These are the key concepts you need to understand to accurately answer the question.

Derivative Calculation
Calculating derivatives is a fundamental skill in calculus. It involves understanding how a function changes as its input changes.
  • In the exercise, we were asked to find the derivative of a variable, \( r \), with respect to time \( t \). This is denoted mathematically by \( \frac{dr}{dt} \).
  • Derivatives allow us to measure the rate of change of a quantity. For example, in this exercise, \( \frac{dr}{dt} \) gives us the rate at which \( r \) changes as \( t \) changes.
  • To calculate \( \frac{dr}{dt} \), we need to use the chain rule because the function involves a composition of functions.
This process involves identifying the relationships between different functions and using rules of differentiation to find the desired rate of change.
Trigonometric Functions
In calculus, trigonometric functions like sine and cosine often appear in problems involving rates of change.
  • The sine function in our problem, \( r = \sin(f(t)) \), represents one of the basic trigonometric relationships. The derivative of sine plays a crucial role in the solution.
  • Knowing that \( \frac{d}{df}(\sin(f)) = \cos(f) \) is important because it tells us how sine changes with its input. This idea helps break down the function into manageable parts for calculation.
  • Understanding trigonometric identities, such as \( \cos(\frac{\pi}{3}) = \frac{1}{2} \), allows us to evaluate trigonometric functions at specific points. This is a crucial step in applying the chain rule.
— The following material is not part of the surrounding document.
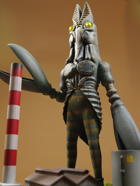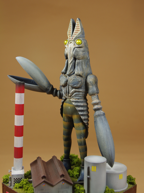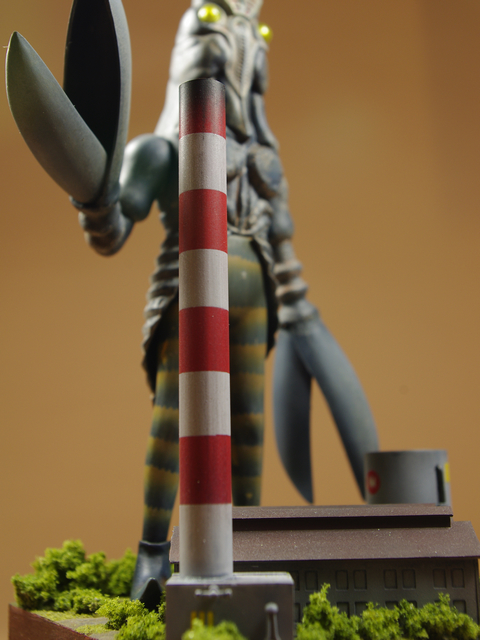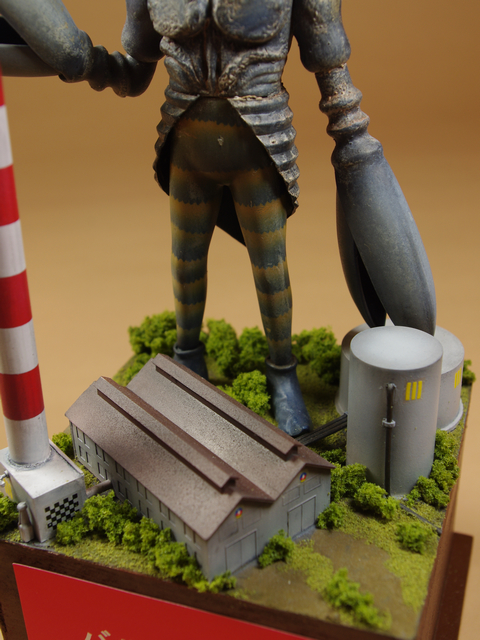 套件本身基本就是植物人的水准,造型刻画比较中规中矩,不过由于当时的开模技术组合度和细节相对比较差。套件本身是第二巴尔坦星人,出场于1966年10月30日的初代奥特曼第16话(科特队向宇宙进发)。剧中场景充满浓郁的昭和风,所以在作品制作之初就将作品的风格定位怀旧、复古的昭和风格。 本次的地台制作在反复观摩了数十集奥特曼后决定以工业区为背景,展现巴尔坦星人出现的一刻。较大的油罐来自于1:700的水线码头套件。较小的一个则直接使用胶管+胶板自制。厂房同样来自于上述所提到的套件,而烟囱则使用较细的胶管制作。各部分之间的管道使用流道加热拉丝。上色基本中规中矩,最后用天然土湿涂的方式对地面进行上色,干后用草粉和灌木丛点缀。 |

Trigonometric functions add complexity to calculus problems but are manageable when approached methodically.
Chain Rule Application
The chain rule is a vital tool in calculus for differentiating compositions of functions.
  • The chain rule formula is \( \frac{dr}{dt} = \frac{dr}{df} \cdot \frac{df}{dt} \). Here, it helps find the derivative of a function composed of other functions, such as \( \sin(f(t)) \).
  • First, you differentiate the outer function. In this problem, that's \( \sin(f(t)) \) with respect to \( f(t) \), giving \( \frac{dr}{df} = \cos(f(t)) \).
  • Next, differentiate the inner function, \( f(t) \), with respect to \( t \), which is provided as \( f'(0) = 4 \).
  • Finally, multiply these derivatives, substituting known values. The calculated \( \cos(f(0)) = \frac{1}{2} \) when multiplied by \( 4 \) gives the rate of change, \( 2 \).
The chain rule simplifies complex derivatives by breaking them into easier, smaller steps.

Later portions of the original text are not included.